Here’s how it looks in practice:
from openai import OpenAI
client = OpenAI()
completion = client.chat.completions.create(
model="gpt-4o",
messages=[
{"role": "system", "content": "You are a helpful assistant designed to output JSON. Only output JSON."},
{"role": "user", "content": "Give me a JSON object with a list of fruits and their colors."}
],
response_format={ "type": "json_object" }
)
print(completion.choices[0].message.content)
This will produce output like:
{
"fruits": [
{"name": "apple", "color": "red"},
{"name": "banana", "color": "yellow"},
{"name": "grape", "color": "purple"}
]
}
The core problem this solves is the unreliability of getting structured data from LLMs. Before JSON Mode, you’d often get text that looked like JSON but was malformed, requiring robust error handling and parsing on your end. This meant spending time cleaning up outputs, writing regex, or using libraries that try to salvage broken JSON.

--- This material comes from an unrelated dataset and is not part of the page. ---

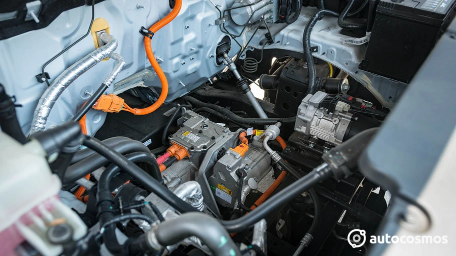 La suspensión trasera es de ballestas y la dirección, aunque la marca señala que cuenta con asistencia eléctrica, al revisar el vano motor nunca vi ningún tipo de cableado eléctrico hacia el rack de la dirección, más que la bomba hidráulica y el reservorio con el líquido. La sensación de la dirección es que le falta ir más al ritmo de este nuevo tren motriz eléctrico, o sea, que se sienta ágil cuando debe serlo y estable cuando la condición lo requiera.

Internally, when you enable response_format={ "type": "json_object" }, OpenAI’s system doesn’t just append "output valid JSON" to the prompt. It fundamentally changes how the model generates tokens. The model’s output layer is constrained to only produce tokens that can form a syntactically correct JSON structure. This is a much more robust guarantee than simply instructing the model to behave.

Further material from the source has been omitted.